- Origin: Atlanta, GA, US
- Genres: Electronic, hip hop, trap
- Years active: 2014–present
- Labels: Fool's Gold
- Members: A-Trak Lex Luger

= Low Pros =

American-Canadian musical duo

Low Pros are a musical duo consisting of Canadian DJ A-Trak and American hip-hop producer Lex Luger. They released their first EP, titled EP 1, on May 6, 2014.

== History ==
In early 2014, while on vacation in Atlanta, A-Trak met with Lex Luger. The two had several studio sessions, resulting in the first Low Pros' records. Their first release, the song "Jack Tripper" was well received by critics. Consequence of Sound described it as "a sweaty, swaggering banger down to the last swift beat" and Max Weinstein of Vibe called it "one hell of a recipe." Low Pros' second release, "100 Bottles" was placed at number five on Consequence of Sound's Top 10 Songs of the Week in February 2014, who compared the duo to TNGHT.
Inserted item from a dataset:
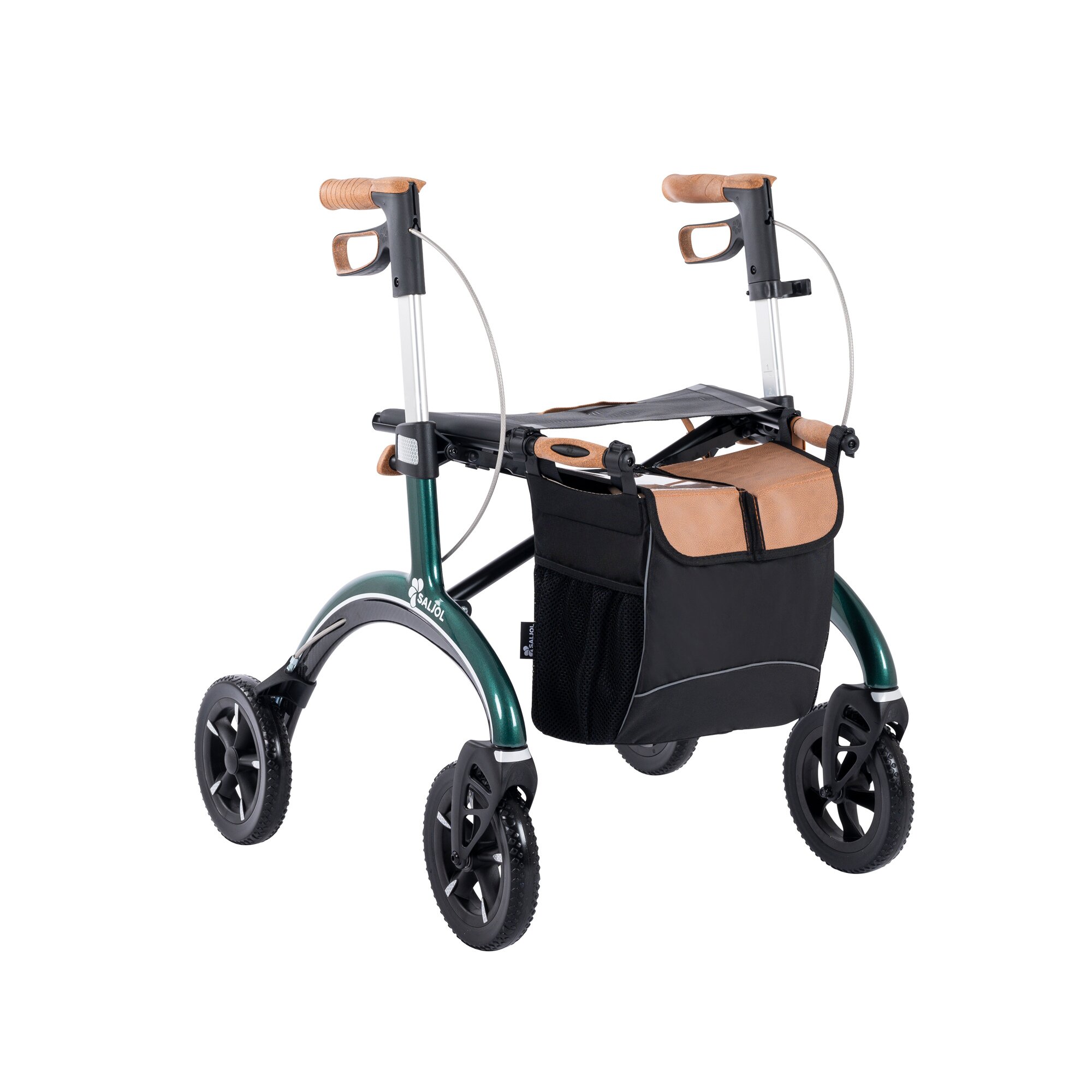 Erleben Sie die Revolution in Mobilität mit dem Saljol Carbon Rollator CR54. Dieses Meisterwerk vereint edles Design, herausragenden Komfort und federleichte Handhabung. Mit nur 5,6 kg ist er ultraleicht und faltbar für mühelosen Transport.Der CR54 besticht durch stoßabsorbierende Reifen und ergonomische Korkgriffe. Diese bieten nicht nur festen Halt, sondern ermöglichen auch sicheres Schieben und Stützen. Ideal für den täglichen Einsatz, innen wie außen, dank leichtgängiger Gummierung auf Asphalt und effizienter Federung auf unbefestigten Wegen. In der Wohnung überzeugt der CR54 mit Wendigkeit und Stabilität.Die zahlreichen Reflektoren gewährleisten höchste Sichtbarkeit bei Dunkelheit. Zusätzlich ist im Lieferumfang eine praktische Tasche enthalten, die perfekt für die wöchentlichen Einkäufe geeignet ist. Die weichen Räder überwinden spielend Holperstrecken, und der weiche Rollatorsitz lädt zu entspannten Pausen ein. Leichtgängige Bremsgriffe erleichtern das Parken und Verladen, und das geringe Packmaß macht ihn zu einem unkomplizierten Reisebegleiter – sei es bei Autofahrten oder Flugreisen. Entdecken Sie eine neue Dimension der Mobilität – mit dem Saljol Carbon Rollator CR54.

On March 14, 2014, Low Pros performed at the Fool's Gold Showcase at Empire Garage in Austin, Texas, during the SXSW festival. After previewing several tracks during 2014, Low Pros released their debut EP on May 6, 2014, on Fool's Gold Records. The seven track record features co-production from High Klassified and Brillz, and guest appearances from Young Thug, Juvenile, Travis Scott, Que and PeeWee Longway.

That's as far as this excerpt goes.